Why, What and How of — Backends For Frontends (BFF)
Overview of Backends For Frontends (BFF)
Before we begin Let’s clear some basic understanding about Microservices,
What is microservices?
The microservice architectural style is an approach to developing a single application as a suite of small services, each running in its own process and communicating with lightweight mechanisms, often an HTTP resource API.
These services are built around business capabilities and independently deployable by fully automated deployment machinery. There is a bare minimum of centralized management of these services, which may be written in different programming languages and use different data storage technologies.
Principles of microservice architecture:
- Scalability
- Availability
- Resiliency
- Independent, autonomous
- Decentralized governance
- Failure isolation
- Auto-Provisioning
- Continuous delivery through DevOps
Backend For Frontend (BFF) ?
The BFF is tightly coupled to a specific user experience, and will typically be maintained by the same team as the user interface, thereby making it easier to define and adapt the API as the UI requires, while also simplifying process of lining up release of both the client and server components. — Sam Newman
Why we need BFF & What problems we are solving?
Context:
Imagine we are building an online store that uses the Microservice architecture and that we are implementing the product page.
We need to develop multiple versions of the product details user interface:
- Web
- Mobile
- Tablet
- 3rd Party Integration API
Since our online store uses Microservices architecture, Our user interfaces are calling multiple services for the information.
Situation:
- The granularity of APIs provided by microservices is often different than what a user interface needs.

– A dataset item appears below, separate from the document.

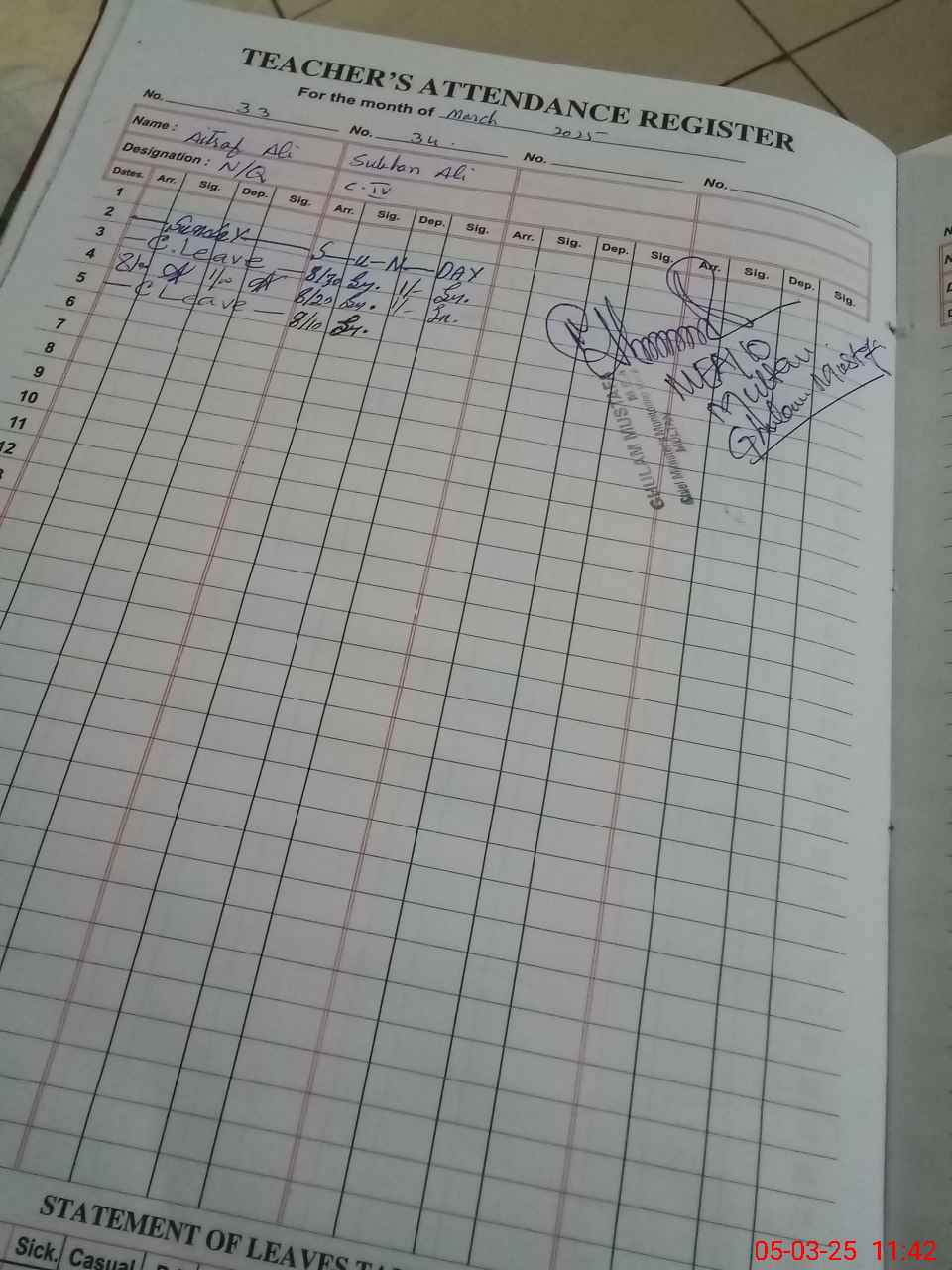 | 32**** | Kh**** Ba**** Sh**** | SST | Regular | 0 | 0 | 0 | 0 | 0 | 0 | 0 | 0 | 0 | Exam Duty |

- Different user interface need different data. For example, the web browser version of a product details page is typically more elaborate then the mobile version.
- Network performance is different for different types of user interface.
- Partitioning into services can change over time and should be hidden from user interfaces.
- Services might use a diverse set of protocols.
Solution:
A BFF is created as an interface between each API consumer and a shared API or data resource. The BFF implements API logic that is specific to that particular application. It’s essentially a translation layer that ensures data is transformed specifically to suit the needs of that particular client. Clients might be using multiple APIs, in which case, the BFF can also act as an API gateway that is defined just for a single application. It will perform the task of aggregating and combining all the data from a set of APIs into a common format that is convenient for the client.
What are the benefits of this? Firstly, it’s easier to adopt the API as UI requirements change. As a frontend developer, now instead of having to wait for the API team to create a particular endpoint for you or integrate a new field, or a new set of data, you now have the power to just go ahead and make those changes yourself. It also simplifies the process of lining up server and client releases. Now that one team manages both the UI and the API, there’s no longer coordination that has to happen between a frontend and a backend team. Thirdly, because it’s focused, the BFF API will be smaller than the shared single purpose API. It’ll probably be easier to understand and navigate and will probably have smaller payloads if it’s a REST API. Finally, you’re able to aggregate multiple calls to downstream APIs into a single call to the BFF, which is a lot simpler and often more performant.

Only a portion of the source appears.